RECORD EXCERPTS
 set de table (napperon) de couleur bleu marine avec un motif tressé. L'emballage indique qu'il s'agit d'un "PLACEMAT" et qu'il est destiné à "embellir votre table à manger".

--

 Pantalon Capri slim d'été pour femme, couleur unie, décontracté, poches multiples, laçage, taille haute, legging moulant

==

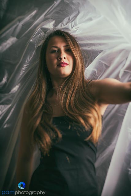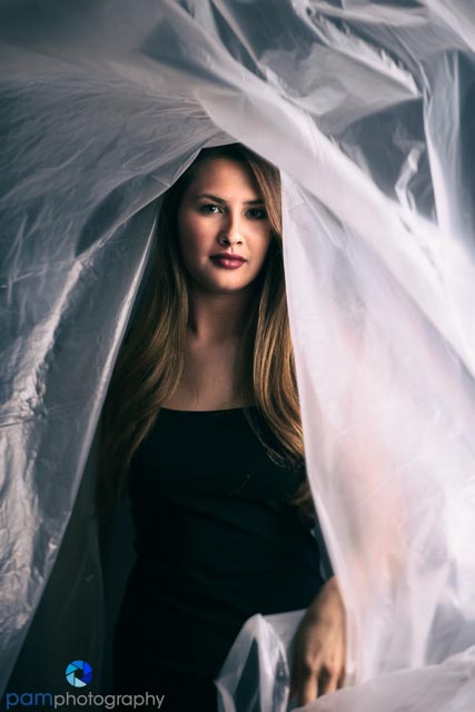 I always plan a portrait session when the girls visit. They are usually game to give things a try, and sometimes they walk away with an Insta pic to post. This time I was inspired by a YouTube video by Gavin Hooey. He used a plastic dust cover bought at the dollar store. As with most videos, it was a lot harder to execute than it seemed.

DIRECTIONS FOR THIS TASK
Your answer should be the lines of the material above that include "couleur".

FINISHED TASK
 set de table (napperon) de couleur bleu marine avec un motif tressé. L'emballage indique qu'il s'agit d'un "PLACEMAT" et qu'il est destiné à "embellir votre table à manger".
 Pantalon Capri slim d'été pour femme, couleur unie, décontracté, poches multiples, laçage, taille haute, legging moulant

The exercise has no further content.